Ни один философ в мире не оказал более непосредственного влияния на исторические события прошлых веков, чем Карл Маркс. На протяжении большей части двадцатого века в мире едва ли была страна, которая имела бы марксистскую политическую партию, находящуюся у власти или борющуюся за власть. Едва ли найдется бедная страна, которой еще не управляла бы марксистская партия, в которой не было бы марксистского партизанского движения, нацеленного на революцию.
Развитие марксистской мысли о государстве после русской революции, особенно за пределами Советского Союза, можно понимать как серию попыток теоретически обосновать возможную автономию государства и права за пределами «экономизма» или «научного социализма». Хотя эти попытки часто основывались на очень разных эпистемологических предпосылках, они частично совпадали с желанием расширить границы государства за пределы репрессий и принуждения, чтобы исследовать взаимность между государством и гражданским обществом, важность идеологии для формирования субъекта и возможность классового образования. сознание и классовая борьба при государственном капитализме ХХ века.

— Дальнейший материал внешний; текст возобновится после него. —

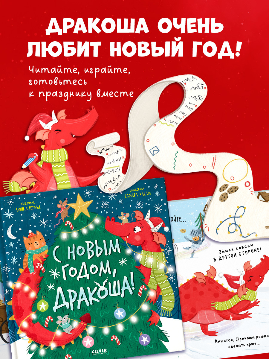 Вместе с Дракошей малыш будет составлять список новогодних дел, петь песенки, развешивать гирлянды на страницах книжки и рисовать на снегу ангела.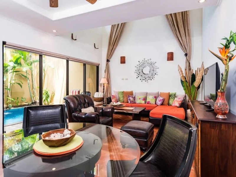 With two floors, multiple terraces overlooking the forest, a private pool and expansive living areas between the two floors, you get the feeling you are really in a home and not just a villa. Cathedral ceilings on both floors give the villa lots of extra space and a grand feeling throughout.

Что из сказанного Марксом оказало такое влияние? Насколько поздние марксисты отклонились от мысли Маркса? Были ли последующие мыслители, которые развили анализ Маркса в новых и плодотворных направлениях? Эти вопросы до сих пор находятся в центре обсуждения в определенных кругах. До недавнего времени ни буржуазные, ни марксистские мыслители не очень понимали того факта, что отношения между марксизмом и философией могут представлять собой очень важную теоретическую и практическую проблему. Выдающиеся теоретики марксизма того периода считали, что вопросы, которые даже не были по сути философскими в более узком смысле, а были связаны только с общими эпистемологическими и методологическими основами марксистской теории, в лучшем случае были пустой тратой времени и усилий. Конечно, нравится им это или нет, но они разрешали обсуждение таких философских вопросов в марксистском лагере, а в некоторых случаях сами принимали участие. Но при этом они совершенно ясно дали понять, что прояснение таких проблем совершенно не имеет отношения к практике пролетарской классовой борьбы и всегда должно оставаться таковым. Однако такая концепция была самоочевидной и логически оправданной только при условии, что марксизм как теория и практика был по сути абсолютно неизменным и не предполагал никакой конкретной позиции по каким-либо философским вопросам.

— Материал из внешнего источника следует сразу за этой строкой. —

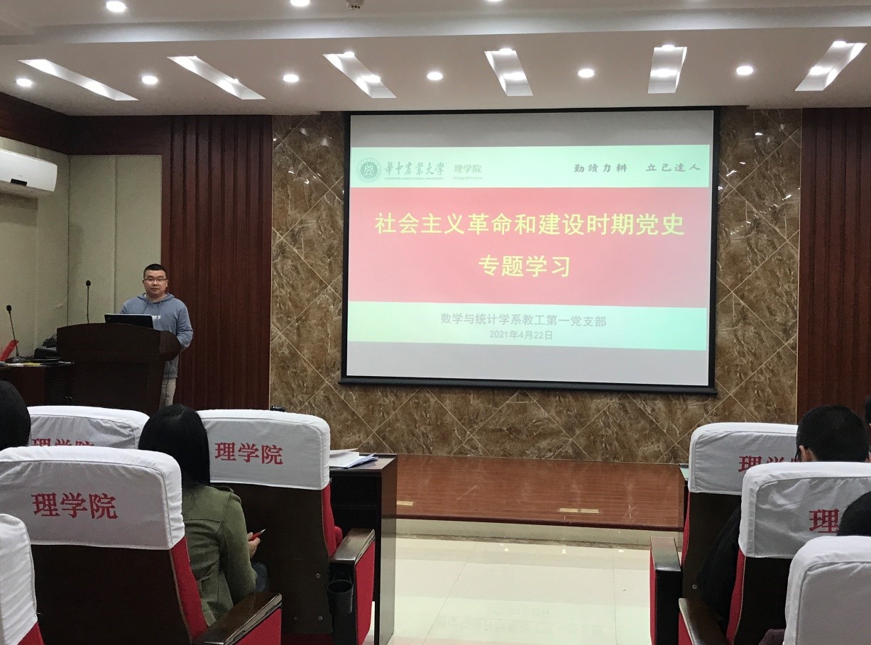 4月22日下午,数学与统计学系教工第一党支部在逸夫楼A109会议室召开党员大会,集体学习了社会主义革命和建设时期党史及习近平总书记在清华大学考察时的重要讲话精神,会议由宣传委员韩群同志主持。

Это означало, что не считалось невозможным, например, для ведущего теоретика марксизма быть последователем Артура Шопенгауэра в его частной философской жизни.

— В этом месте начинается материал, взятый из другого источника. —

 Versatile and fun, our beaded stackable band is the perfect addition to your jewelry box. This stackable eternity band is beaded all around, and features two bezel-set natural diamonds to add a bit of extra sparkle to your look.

Следовательно, в тот период, какими бы значительными ни были противоречия между марксистской и буржуазной теориями во всех других отношениях, в этом единственном пункте существовало очевидное согласие между двумя крайностями. Буржуазные профессора философии заверяли друг друга, что марксизм не имеет собственного философского содержания, и думали, что они говорят что-то важное против него. Ортодоксальные марксисты также успокаивали друг друга, что их марксизм по самой своей природе не имеет ничего общего с философией, и думали, что они говорят что-то важное в пользу этого.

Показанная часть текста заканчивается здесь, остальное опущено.